Currently all my work computers run off a Novell Image. I am not the engineer, just the Help Desk guy. I was wondering if there was a way to fix this issue I have been having.

The issue is when I go to log into Novell. My ID is associated with two novell trees. One is my primary tree and the other is where I pull other various applications from. Randomly I noticed that when I type in my user id and password it started logging me into the wrong Novell tree (not my primary). The problem with that is now a lot of my drives and other network resources are not available because I did not log into that tree. However, if I log off I can manually reselect that tree and the context associated with the one I am supposed to be in. I can then enter my User ID an password and log in. The funny thing is if I do no go to the advanced option list and do this it will log me in incorrectly everytime. I can actually see it trying to change the tree / context too, just after I enter my user ID and hit tab to enter my password, it changes the Tree and Context as soon as I tab down. 
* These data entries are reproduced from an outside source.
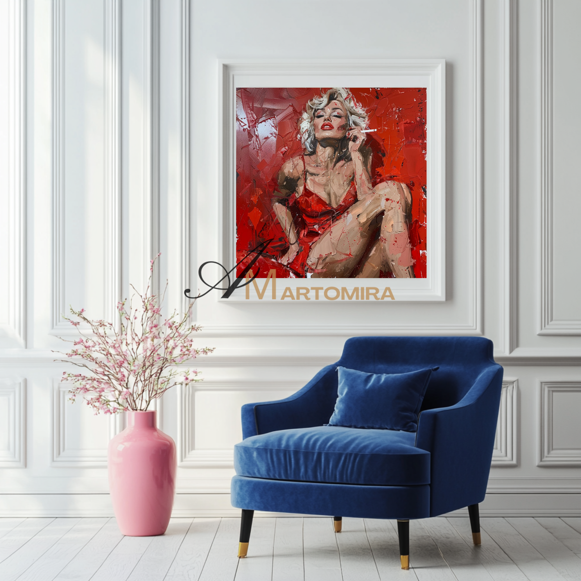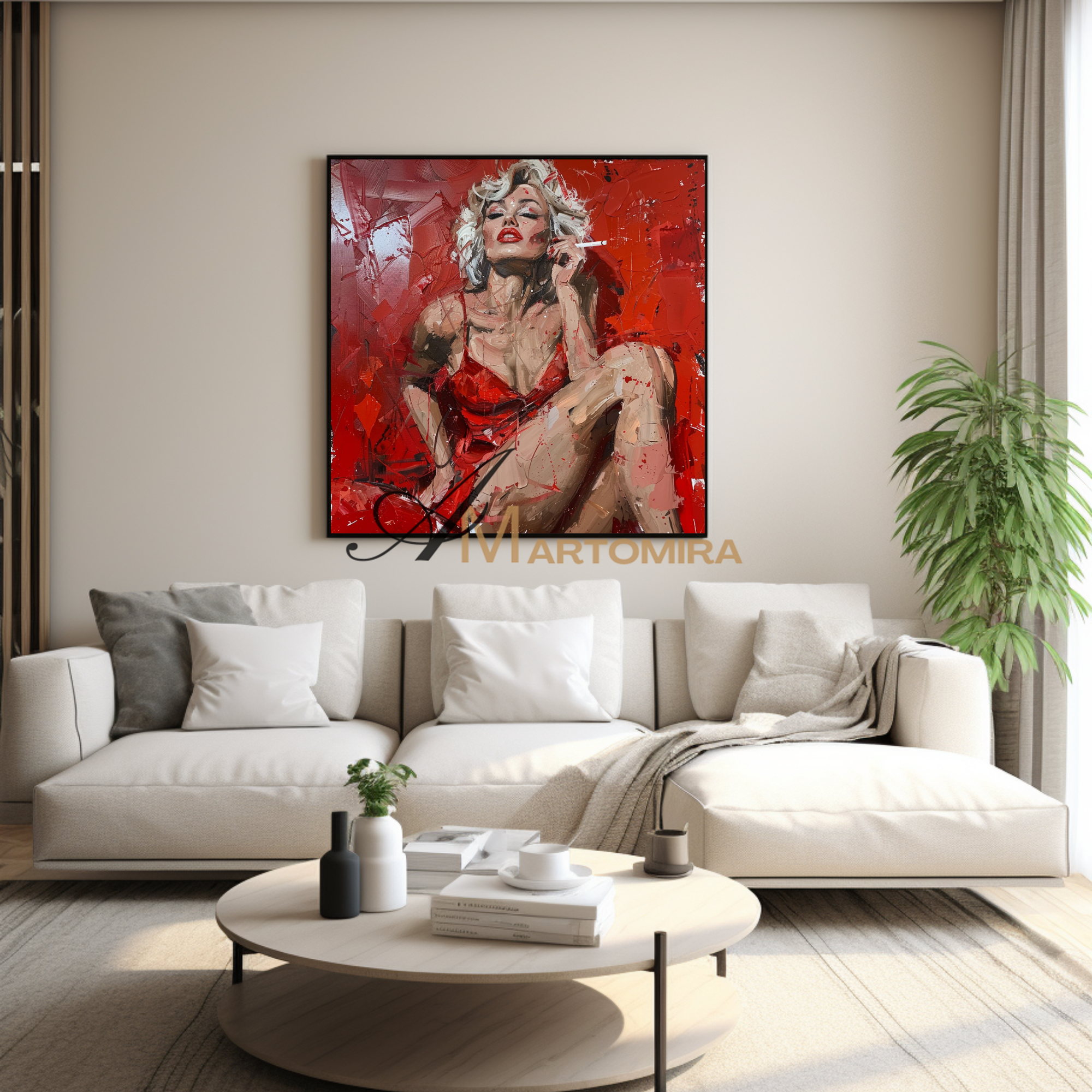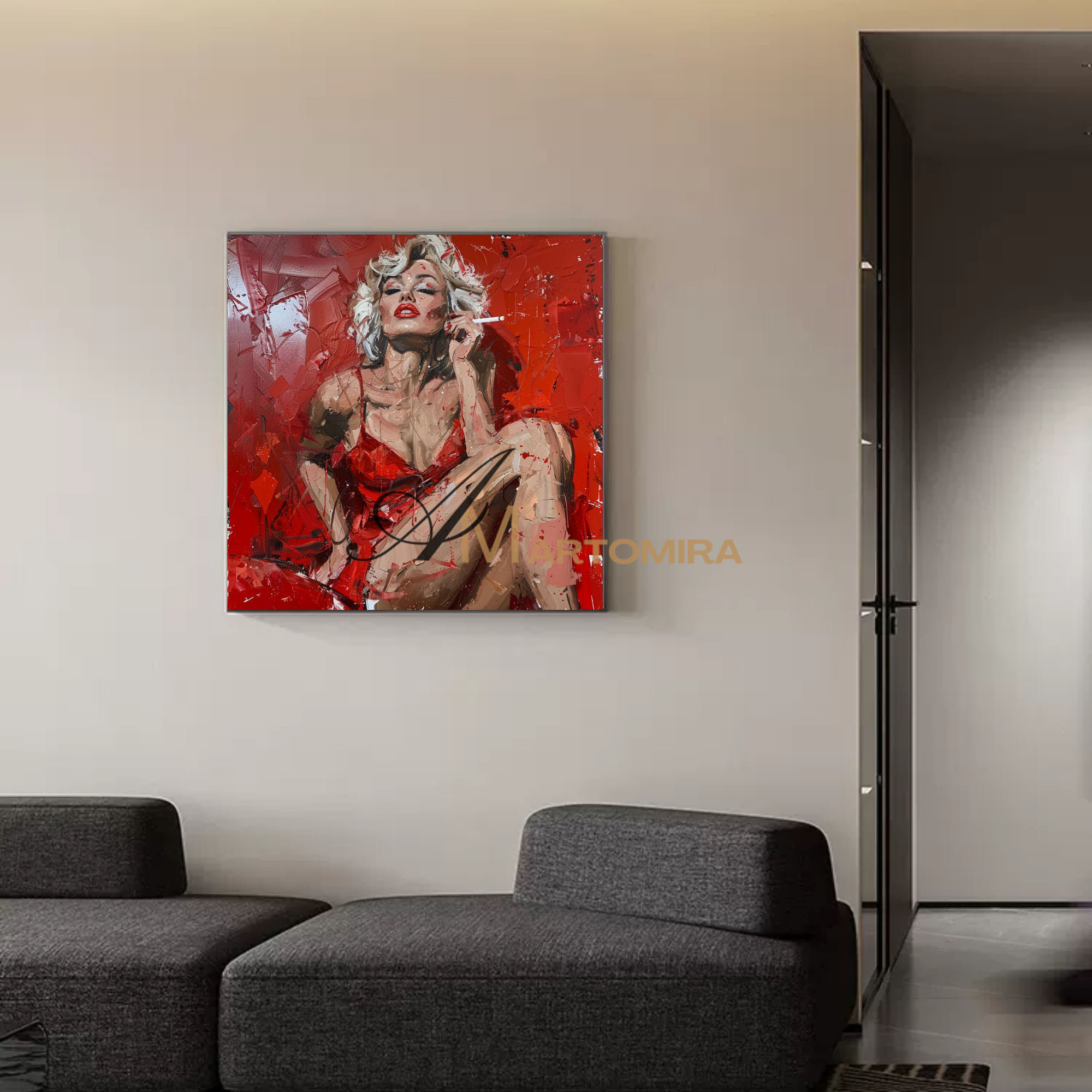 Ölgemälde | Sinnliche Frau | Gemälde einer Frau im roten Kleid | Abstrakte Kunst des weiblichen Körpers #AP049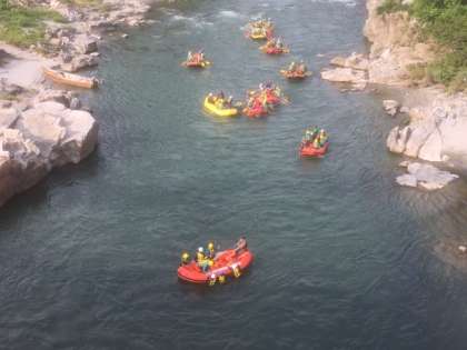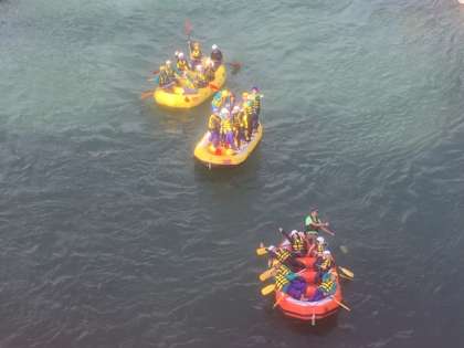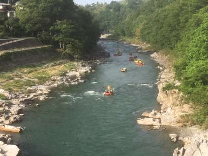 ラフティングは、時又港に到着しました。各艇からは歓声が上がっていました。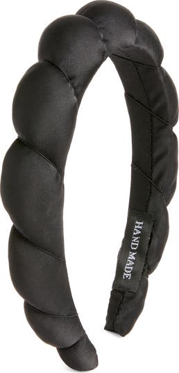 Handmade from lustrous satin, this padded headband in a playful scalloped design makes a fun finishing touch for your hairdo.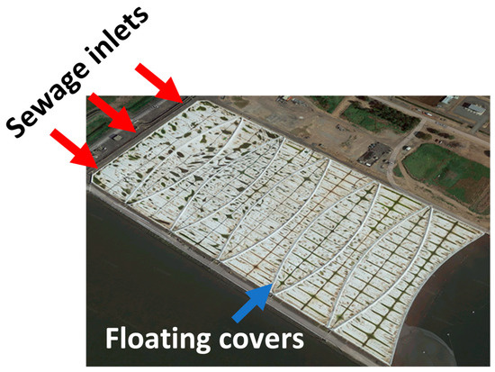 Melbourne Water Corporation (MW) owns and operates a large wastewater treatment facility in Werribee, Victoria, Australia, known as Western Treatment Plant (WTP). WTP is a combination of lagoon systems and activated sludge plants that treat more than 50% of Melbourne’s wastewater [1]. The raw and untreated wastewater flows into the first (also known as primary) treatment lagoons at WTP to allow preliminary sedimentation of the suspended solids in the raw sewage. The first 8 hectares of these primary treatment lagoons are covered with multiple high-density polyethylene (HDPE) geomembrane sheets to capture all emissions from the lagoon and support the anaerobic processes which start the breaking down of the sewage and that produce the biogas which is converted into electricity that operates the plant, see Figure 1.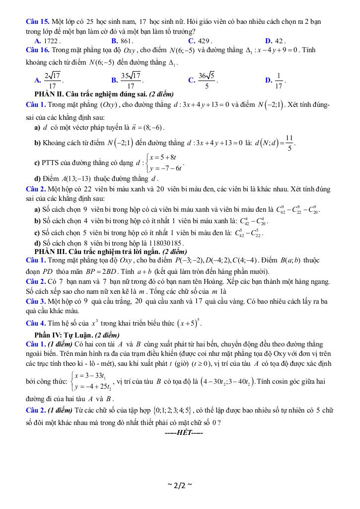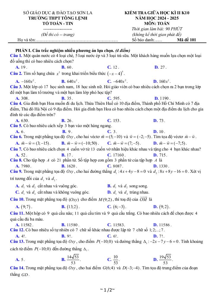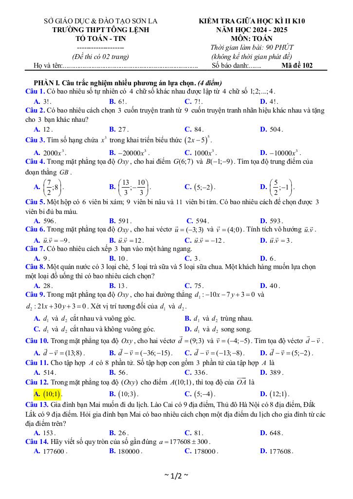 Toán học luôn là một môn học quan trọng, giúp học sinh phát triển tư duy logic và kỹ năng giải quyết vấn đề. Để hỗ trợ các bạn học sinh và giáo viên trong việc học tập và giảng dạy, bài viết này sẽ cung cấp lời giải chi tiết và đáp án chính xác cho chủ đề đề giữa kỳ 2 toán 10 năm 2024 – 2025 trường thpt tông lệnh – sơn la, giúp bạn hiểu sâu và tự tin hơn khi làm bài tập.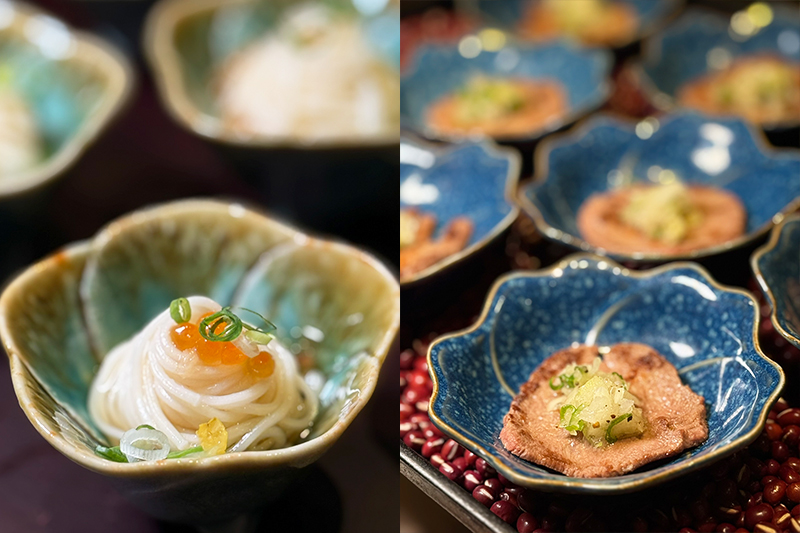 另外,像是來自岩手的冷前菜「胡桃豆腐」,料理長每日現剝核桃、研磨成粉後加入日本葛粉調製而成;以日本赤味噌醃漬比目魚肉兩日後爐烤料理而成的「福島味噌時魚燒」,也都是此季主題的主打款。不過,還有一樣是來自宮城的「仙台炭香牛舌燒」,只在晚餐餐期提供,千萬別忽略了。料理長選用牛舌最富彈性的中後段,以直火炙燒至五至七分熟,外層帶有粉嫩、肉質柔嫩,搭配鹽蔥醬汁,是東北地區代表性的炙烤料理之一。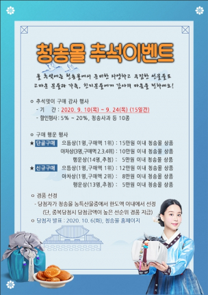 청송군(군수 윤경희)이 운영하고 있는 온라인 쇼핑몰인 청송몰에서 9월 10일부터 추석을 맞아 가격할인 등 이벤트를 실시한다.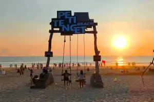 Objek wisata alam ini terletak di Canggu Kuta Utara Badung. Barisan pasir hitam di pantai ini tak mengalahkan panorama matahari tenggelam yang begitu menawan. Terlalu indah untuk dilewatkan.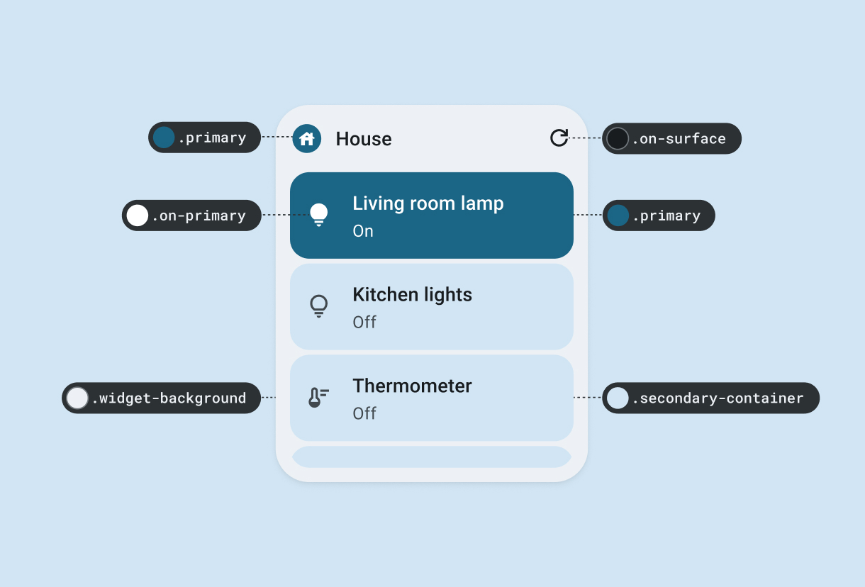 Kullanıcının ana ekranına daha iyi uyması için widget'ınızın sistem cihaz temalarına uyum sağlamasına izin verin. Böylece widget, açık ve koyu temalar ve kontrast ayarları gibi özellikleri kullanabilir.

I have been looking at the NAL Cache folder on my machine. One built for the primary tree and one for the other. Only idea I can draw from this is it has cached information here and if I delete the cached information for the tree I do not need to log into maybe possibly it will restore my login process to the way it was supposed to be. I am however reluctant to do this. Any Ideas?


----------



## dant22185 (Oct 5, 2009)

bump


----------



## Squashman (Apr 4, 2003)

I haven't managed a Novell network in close to 6 years so I am really rusty.

Why do you have two trees? That is usually not best practice for a Network.

Are you using contextless login?

You probably would be better off posting on a dedicated Novell forum. That is where I always got all my help.
http://forums.novell.com/


----------



## dant22185 (Oct 5, 2009)

Cool thanks I will probably do that.


----------



## dant22185 (Oct 5, 2009)

Found an easy fix for this if anyone may be running into this issue as well. Simply need to change the primary Tree / Server in the 'Novell Client Configuration' under the 'LDAP Contextless Login' to be listed as the top items. Somehow mine on my machine defaulted to using the next step ones and I had to delete and re-add them. If you do not have access to these IPs / Tree it would be best to contact a server Admin for this info. Easy fix... I way over thought it.


----------